Task requirements -> Exactly as they appear, copy the lines from the one holding "3月26日,江苏省南通市发布" through the end of the records, leaving pictures out.

■ ■ ■ ■ ■

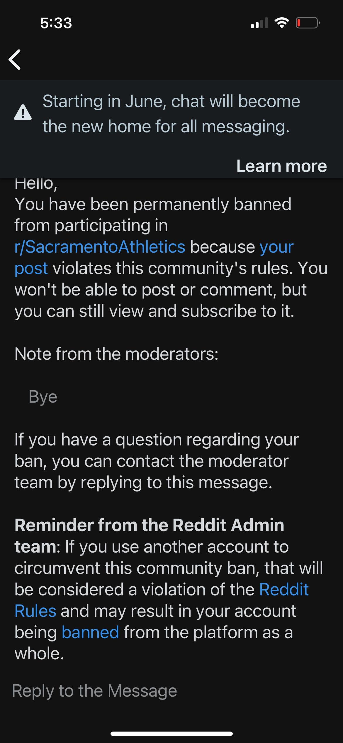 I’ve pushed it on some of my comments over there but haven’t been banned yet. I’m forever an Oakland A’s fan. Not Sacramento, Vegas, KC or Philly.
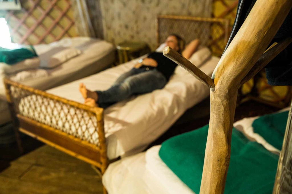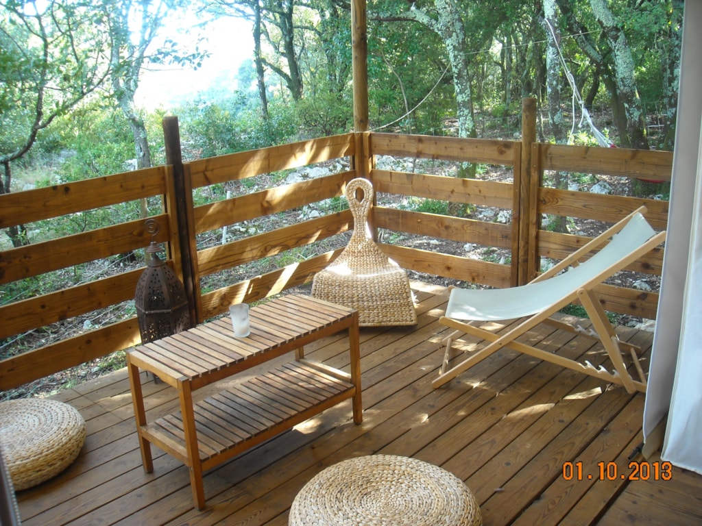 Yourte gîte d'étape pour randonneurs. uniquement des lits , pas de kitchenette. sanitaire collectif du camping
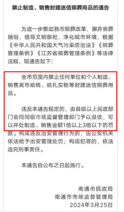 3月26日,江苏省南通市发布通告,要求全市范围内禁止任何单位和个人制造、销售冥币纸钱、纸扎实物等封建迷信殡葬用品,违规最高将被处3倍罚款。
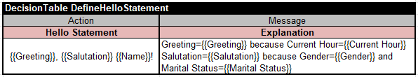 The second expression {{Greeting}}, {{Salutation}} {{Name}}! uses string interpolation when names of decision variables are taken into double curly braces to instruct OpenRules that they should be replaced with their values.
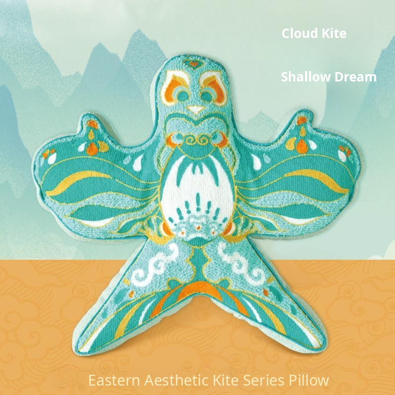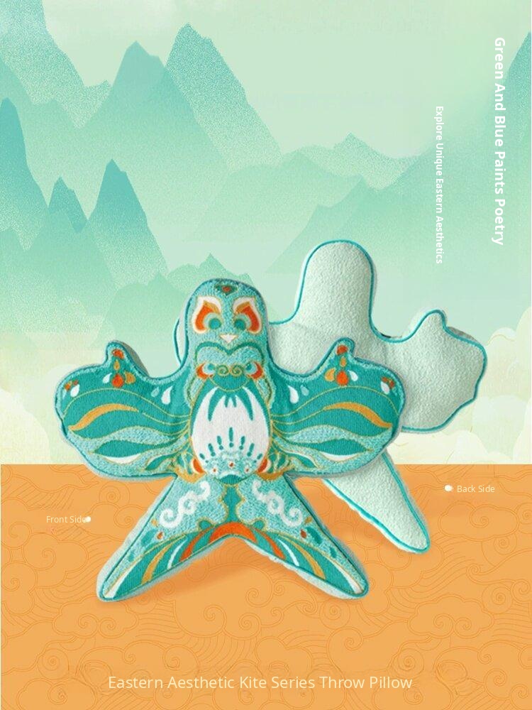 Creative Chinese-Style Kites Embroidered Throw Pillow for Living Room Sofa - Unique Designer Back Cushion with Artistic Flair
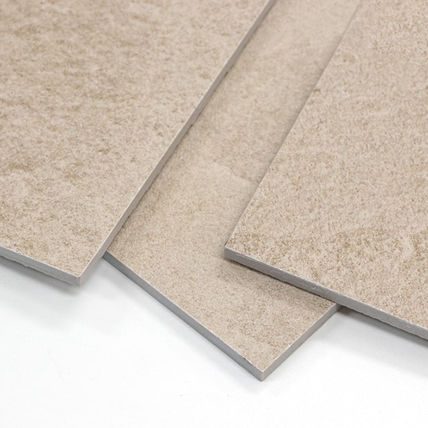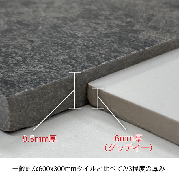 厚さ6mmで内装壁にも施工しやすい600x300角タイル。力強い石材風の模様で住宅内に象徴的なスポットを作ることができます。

■ ■ ■ ■ ■

Solution ->
 3月26日,江苏省南通市发布通告,要求全市范围内禁止任何单位和个人制造、销售冥币纸钱、纸扎实物等封建迷信殡葬用品,违规最高将被处3倍罚款。
 The second expression {{Greeting}}, {{Salutation}} {{Name}}! uses string interpolation when names of decision variables are taken into double curly braces to instruct OpenRules that they should be replaced with their values.
 Creative Chinese-Style Kites Embroidered Throw Pillow for Living Room Sofa - Unique Designer Back Cushion with Artistic Flair
 厚さ6mmで内装壁にも施工しやすい600x300角タイル。力強い石材風の模様で住宅内に象徴的なスポットを作ることができます。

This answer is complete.